**Aim of the task:**
Scan the entries below and extract each line with the word "中共中央总书记" in it.

(Beginning of Records)

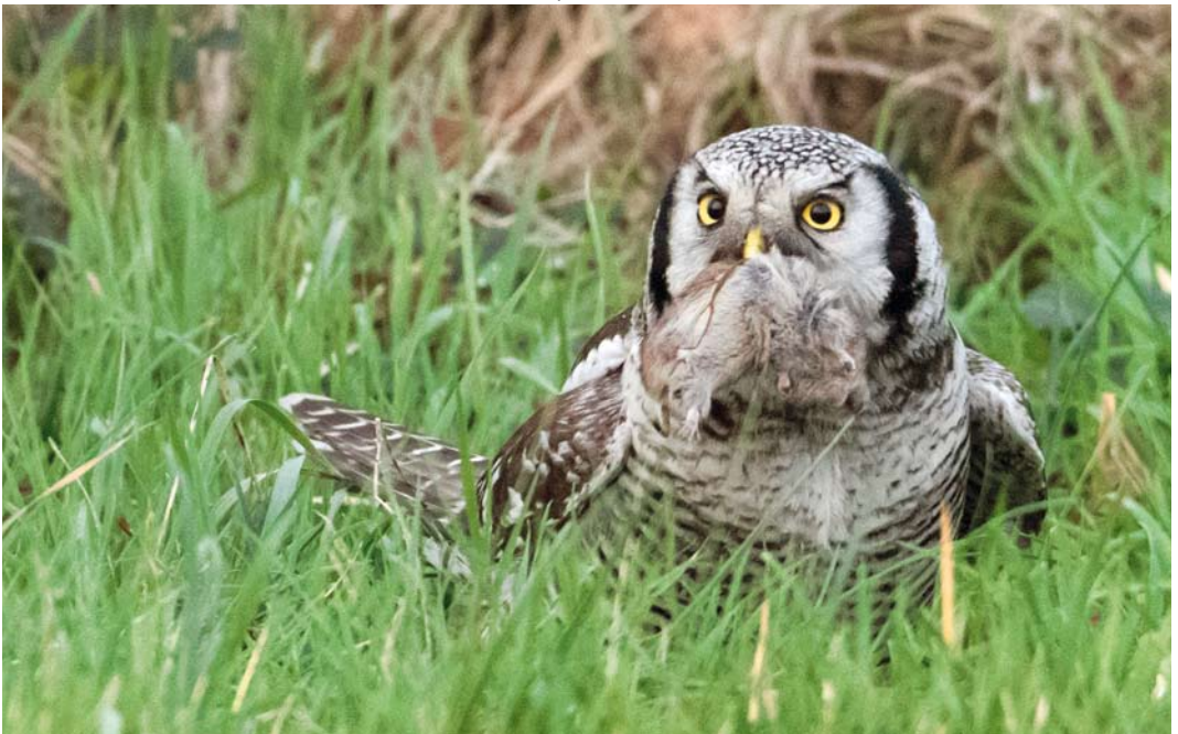
4 Sperweruil / Northern Hawk-Owl Surnia ulula , Zwolle, Overijssel, 25 december 2013
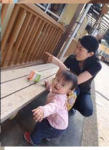
園庭にも誘っていただきました♪ 大型遊具や砂場、フランクなど 楽しい遊具がいっぱい☆ 親子ともに大興奮でした♡♡♡
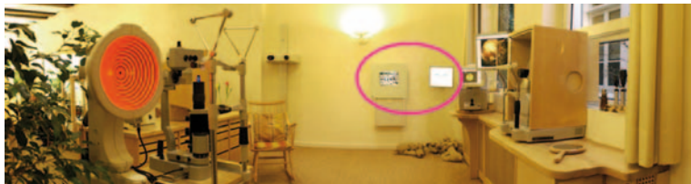
Die Darstellungen von „Kreuz.exe“ werden im Raum für Augenglasbestimmungen an dieser Stelle gleichzeitig mit den Testbildern des Binokular-Sehens dargeboten.

(leer-aktuell Oktober), 5. Erfahrung (www.DasSehen.de) → Aktuelles). In der obersten Zeile der ersten Grafik sind die (schwach) unterschiedlichen Brillenglas-Stärken zu sehen; die beiden unten rechts abgebildeten Blickrichtungen („oben“ und „unten beim Lesen“) verdienen besondere Beachtung: Die angegebenen Werte variieren fast um „3 Prismendioptrien“ (Mitte unten: 1,4 unten ; rechts unten: 1,46 oben ) – das führt beim ungeübten Benutzer einer solchen Brille sofort zu Doppelbildern! (Und wer sich nicht mit den physikalischen Ursachen auskennt, ist naturgemäß geneigt, „Gleitsicht“ die Schuld zu geben) DESHALB gilt: Wer sicherstellen möchte, dass „Gleitsicht funktioniert“, muss a. die unvermeidlichen Nebenwirkungen berechnen , b. den Kunden vorher erleben lassen , wie es
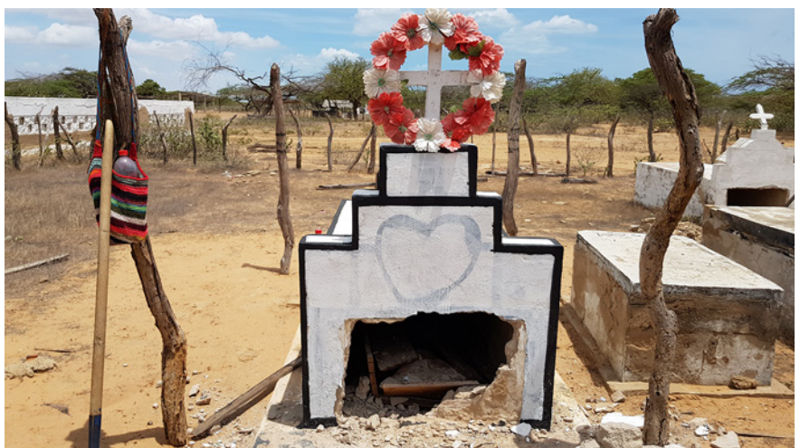
Figure 4 : Tombe ouverte pour exhumation, cimetière de Panachü, localité de Manaure (Photo Lionel Simon, juin 2019)
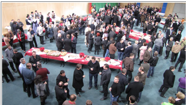
Sprejem
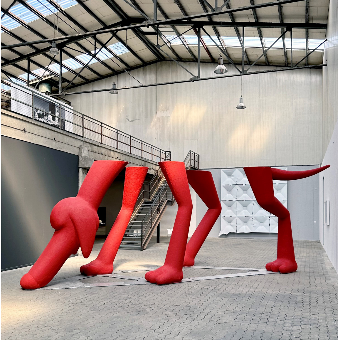
Erdil Yaşaroğlu Stray Dog / Sokak Köpeği, 2023 Polyester, Metal, Concrete / Polyester, Metal, Beton 300 x 900 x 300 cm The Yard - 4
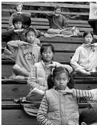
二零零九年台北明慧夏令营参与者午餐后炼法轮功第五套功法

两个月过去了，他身上的恶根似乎很难去除，很容易故态复萌，但变化还是在一点点发生着。除了请老师外，我时常睡前给他讲生活、讲历史故事，讲法轮大法的
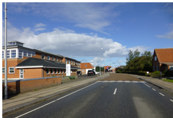
Vestjysk Smede, Tangsøgade 55

Dagli ´ Brugsen har selv planer om at udvide med en form for overdækning ud mod p-pladsen for at skabe et bedre miljø for både kunder og varer, og
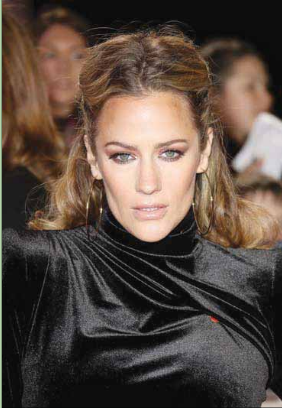
مقدمة البرامج البريطانية كارولين فلاك لدى وصولها إلى محكمة في لندن أمس بتهمته الاعتداء على لاعب التنس لويس بورتون

أوصلني إلى هذه المقدمة البديهية أنني اكتشفت محباً آخر للنهار والعشق النهرى. كنت أقرا وصية جواهر لال نهرو، مؤسس الهند المستقلة، فتوقفت طويلاً عند ارتباطه الوطني، ليس بارض الهند، وإنما بمباهاها. يقول نهرو في نثره الجميل وفكره العميق: «إن رغبتني في أن تُنشر كمشية من رمادي في نهر الغانج، عند مدينة الله آباد، لا علاقة لها إطلاقاً بأي مشاعر دينية. لقد توليت بنهر الغانج وجمته في منطقة الله آباد منذ كنت طفلاً، وكلما كبرت كان هذا الشعور يكبر معي. إن الغانج بصورة خاصة هو نهر الهند، بعشقه شعبيها وبحضن ذكرياتها وأمالها ومخاوفها وأغاني الانتصار والهزائم. إنه رمز الحضارة والثقافة، لا يكف عن التدفق والتحول ويبقى دائماً هو. إنه يذكرني بقمم الهماليا المغطاة بالثلوج وبأوديتها التي أحببتها كثيراً، وبالسهول الغنية بالرياح المنتشرة هناك، حيث عشت وعملت. لا أريد أن أقطع نفسي عن الماضي بشكل تام. فأنا فخور بذلك الإرث الذي كان ولا يزال، إرثنا جميعاً. وأدرك تماماً أنني أنا أيضاً واحد من الأفراد الذين يشكلون السلسلة المستمرة في تاريخ الهند الخالد. هذه السلسلة، لن أقطعها لأنني أعتقد جيداً وأعتبرها مصدر وحي لي. وكديل على هذه الرغبة وعلى تقديري لإرث الهند الثقافي، أقدم هذا الطلب بأن تُرعى حفنة من رمادي في نهر الغانج، عند الله آباد، بحيث يحملها المحيط من هناك ويغسل بها شواطئ الهند. أما القسم الأكبر من رمادي، فيجب رميه بطريقة أخرى. إنني أتمنى أن يُرعى هذا الرماد عالياً في الجو ثم يُرش من الطائرة فوق تلك الحقول التي يحرثها فأحلو الهند، بحيث يختلط بغير الهند وتربتها ويصبح جزءاً لا يميزه شيء عن سائر الهند.»
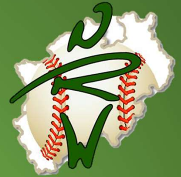
Stellenportal für Freiwilligendienste im Sport in NRW
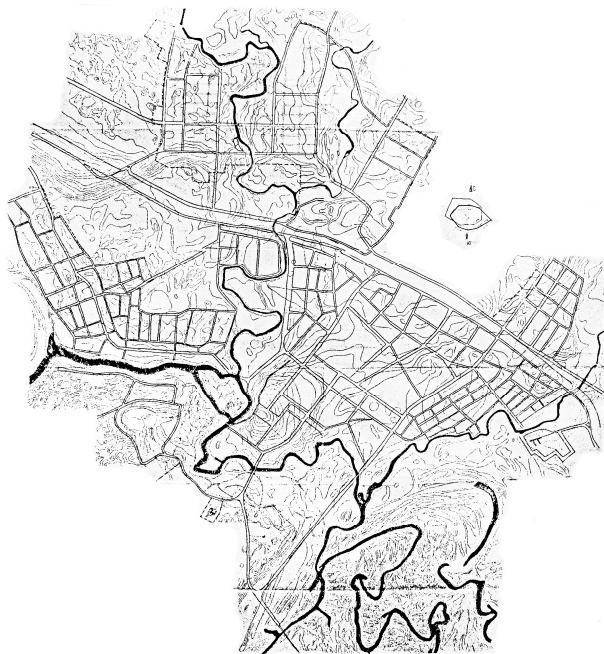
Рис. 1. г. Балаклея, генеральный план 1992 г.

Основу планировочной структуры города образует направление главной городской магистрали, объединяющей два основных городских района: исторический —
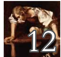
Ressemblance / Ressemblances
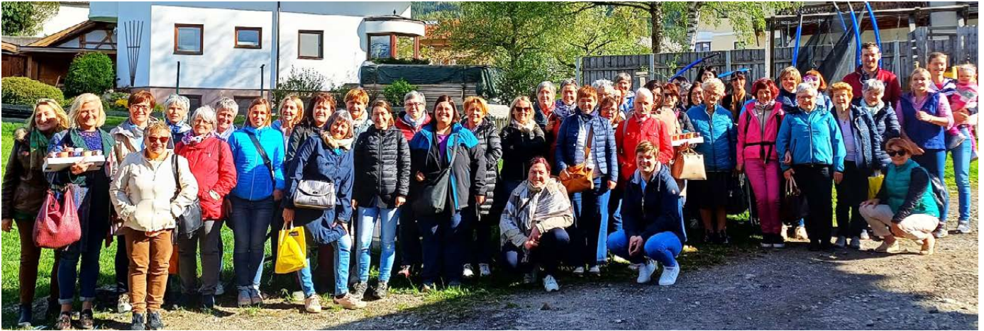
Frühlingsfahrt der SBO nach Lans: Ein Tag voller Begegnungen

Die Frühlingsfahrt der SBO führte heuer nach Lans in Tirol. Die Gemeinde Lans, südöstlich von Innsbruck gelegen, ist seit 2022 Partnergemeinde von Montan. Mittlerweile ist die Partnerschaft wirklich mit Leben gefüllt und davon konnten auch wir uns bei unserem Besuch überzeugen.
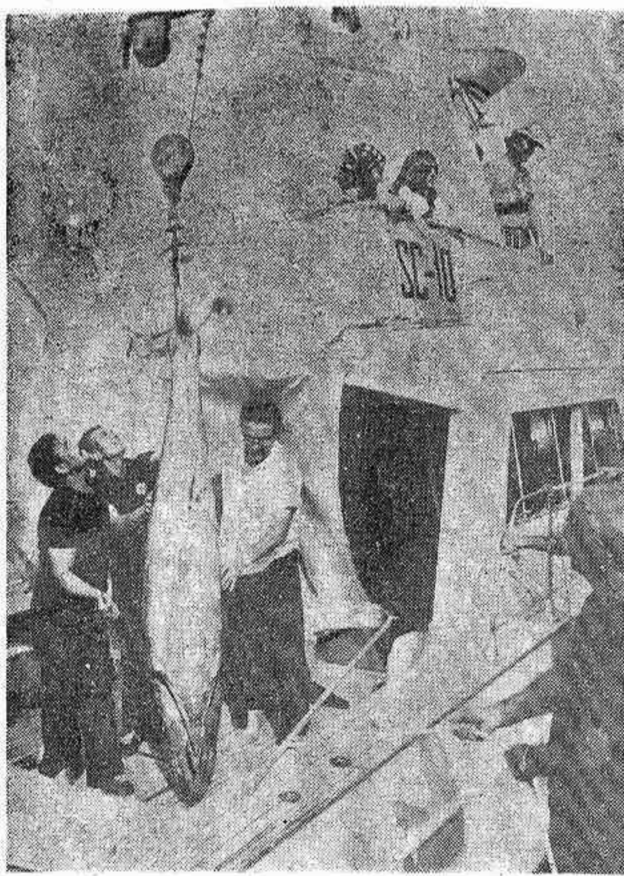
embarcación «La Ulla II», al salir del puerto se rompió y hubo de regresar, y el «Esturión», precisamente el segundo clasificado, estuvo a punto de perder su puesto y quedar descalificado a causa del tiempo que empleó en

—¿Habrá atún en los próximos días? —Lo veo difícil, las embarcaciones suelen ir a la misma zona y esto en parte es un obstáculo. Desgraciadamente, en la jornada de ayer, la suerte no estuvo demasiado repartida. La
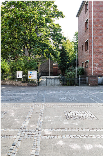
Schillplatz in Köln-Nippes (2021)
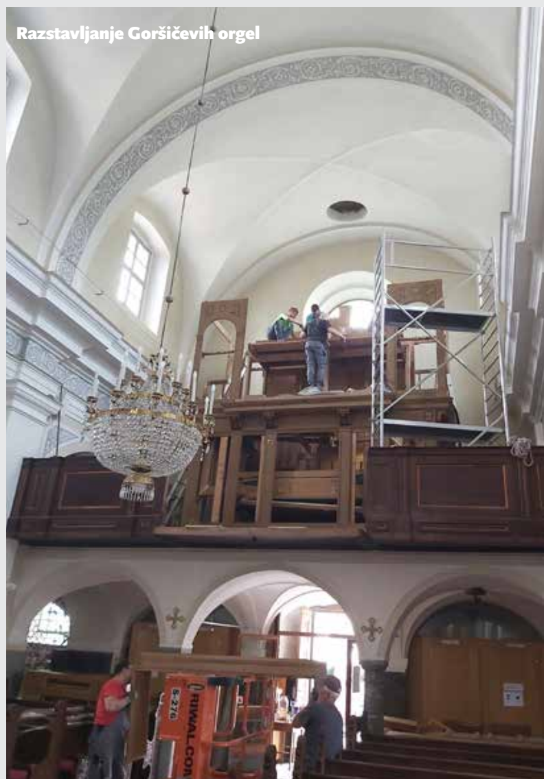
Razstavljanje Goršičevih orgel

Besedilo: Luka Posavec • Foto: Uroš Urbanija
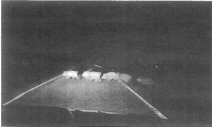
Un grupo de jabalíes atraviesa una carretera en la comarca de Montaña Alavesa.

El pasado 9 de noviembre las organizaciones agrarias COAG (en la que está integrada UAGA), Asaja y UPA presentaron ante la Audiencia Nacional un recurso contencioso-administrativo contra la orden del Ministerio de Transición Ecológica y Reto Demográfico, de 20 septiembre de 2021, que prohíbe cazar al lobo. Los
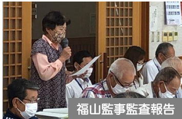
福山監事監査報告
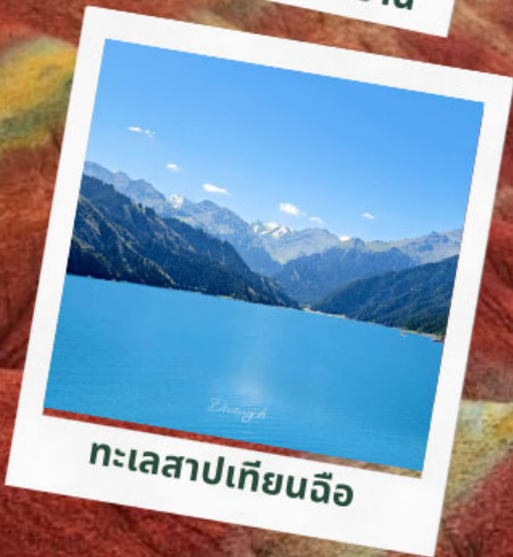
ทะเลสาปเทียนจื่อ
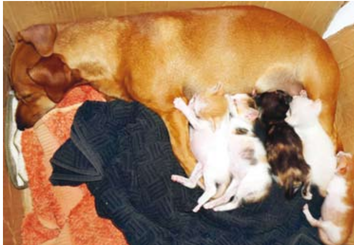
Cadela “Mel” amamenta os cinco filhotes abandonados na porta da casa dos seus donos

Ana Paula tirou fotos da cena e compartilhou na rede social Facebook. A postagem teve quase 200 curtidas e foi compartilhada por mais de 20 vezes, somente na manhã de ontem. “As pessoas ficaram tão admiradas quanto nós porque ninguém vai imaginar que o cão e o gato, que são animais considerados inimigos, tenham esse tipo de relação” destacou a dona.
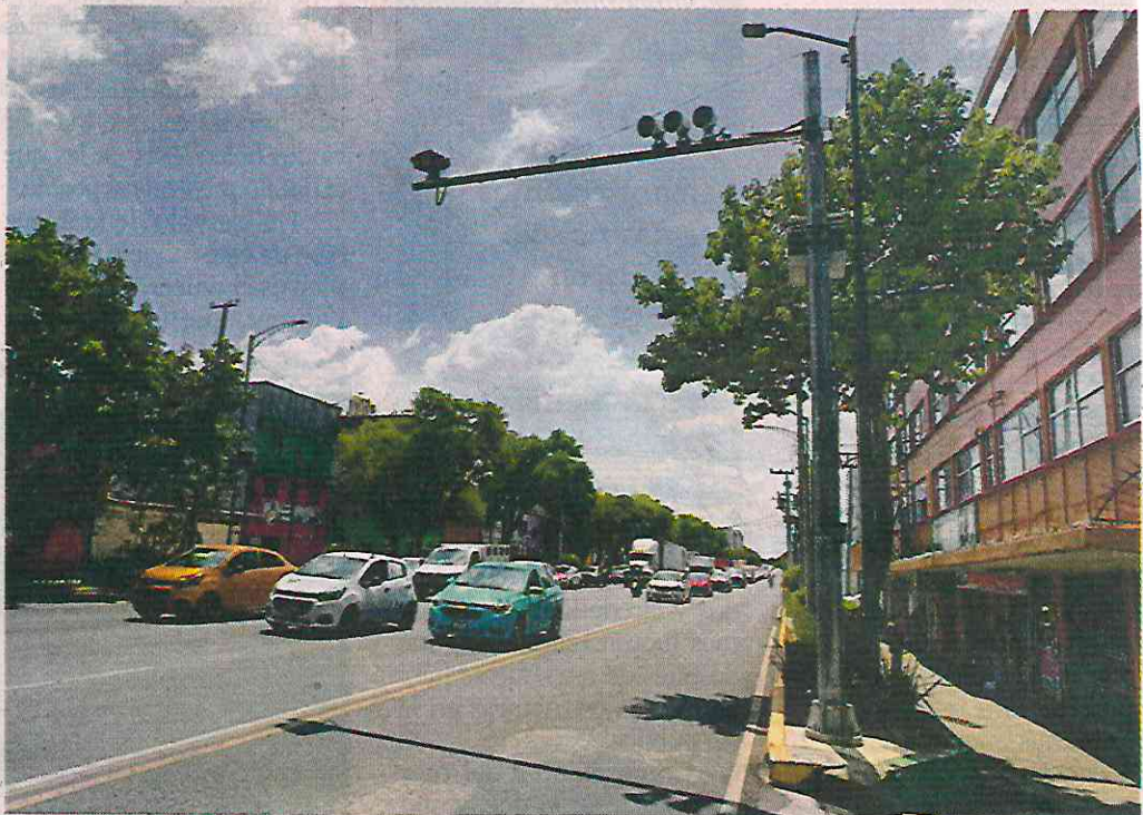
UN CASO ATÍPICO. El radar está instalado sobre Eje 3 Sur, al cruce con José María Bustillos. La cantidad de accidentes alrededor es motivo de estudio.

Hernández encontró que la primera era cierta, pues una infracción monetaria se asocia más a los gastos inherentes de tener un automóvil, mientras que el impacto es mayor cuando se destina tiempo para saldarla.
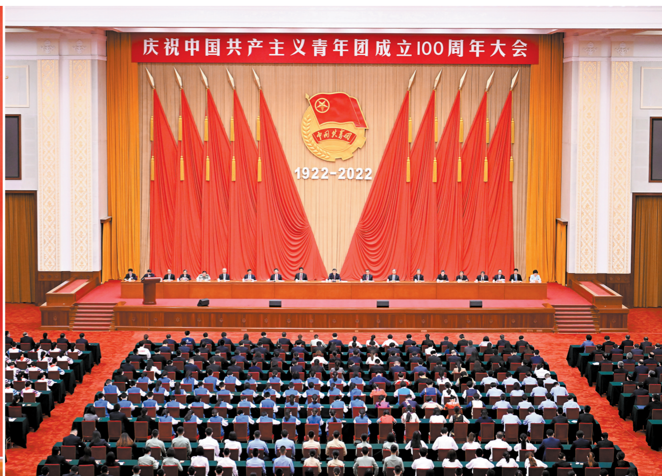
5月10日,庆祝中国共产主义青年团成立100周年大会在北京人民大会堂隆重举行。中共中央总书记、国家主席、中央军委主席习近平在大会上发表重要讲话

新华社电 庆祝中国共产主义青年团成立100周年大会10日上午在北京人民大会堂隆重举行。中共中央总书记、国家主席、中央军委主席习近平在会上发表重要讲话强调,青春孕育无限希望,青年创造美好明天。新时期的中国青年,生逢其时、重任在肩,施展才干的舞台无比广阔,实现梦想的前景无比光明。
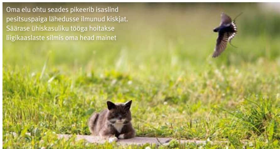
Oma elu ohtu seades pikeerib isalind pesitsuspaiga lähedusse ilmunud kiskjat. Säärase ühiskasuliku tööga hoitakse liigikaaslaste silmis oma head mainet
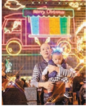
有補光下拍攝的人像與燈飾

在即將到來的除夕夜，又或這幾天的晚上，大家依然可以走到尖沙咀拍攝維港燈飾美景，甚至到各商場拍攝各種燈飾佈置，當然還可以在除夕夜拍下煙花美景。今期，專業攝影師許有達，其從事商業廣告攝影，屢獲攝影比賽獎項，曾拍攝不少燈飾及煙花的相片，他分享道，在佳節中到處都有美麗燈飾佈置，當拍攝人物在美景時，發現人總是黑黑的，假如用+/- 的曝光補償調光後，發現人物正常了，但景物則「曝光」，這是因為有光差，即使用相機拍攝也面對相同問題，但相機的閃光燈一定比手機強，那麼如何加多手機的閃光呢？手機的補光是固定輸出，要加強只好走近主體，但一走太近人物可能過大沒有美感。這時，假如手上有另一手機，則可叫另一朋友在附近幫忙打燈，一來加強了補光光量，二來用側光加強立體感。
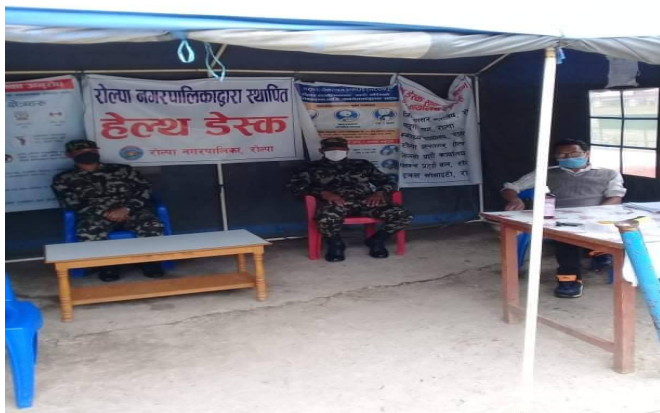
रोल्पा न.पा.मा स्थापना भएको हेल्प डेस्क
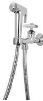
GAMBAR: ILUSTRASI JETSHOWER
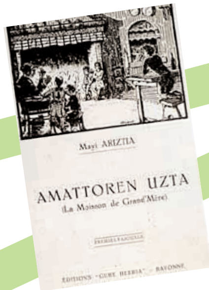
Amattoren uzta 1934 urtean argitaratzen hasi zen Gure Herria aldizkarian.
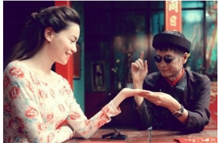
Xem chỉ tay

những lá số tử vi đầy bí ẩn đến những lá bài tây cũng có thể được các thầy nhìn vào đó để đoán “ quá khứ vị lai ”. Lòng tin của người xem bói được xác định qua những lời bàn của thầy, thế cho nên thầy nào càng có tài ăn nói thì càng... đông khách!
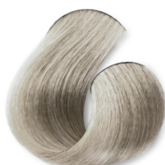
Louro Ultra Claro Pérola (Champagne) CÓD.1037

(End of Records)

**Task response:**
5月10日,庆祝中国共产主义青年团成立100周年大会在北京人民大会堂隆重举行。中共中央总书记、国家主席、中央军委主席习近平在大会上发表重要讲话
新华社电 庆祝中国共产主义青年团成立100周年大会10日上午在北京人民大会堂隆重举行。中共中央总书记、国家主席、中央军委主席习近平在会上发表重要讲话强调,青春孕育无限希望,青年创造美好明天。新时期的中国青年,生逢其时、重任在肩,施展才干的舞台无比广阔,实现梦想的前景无比光明。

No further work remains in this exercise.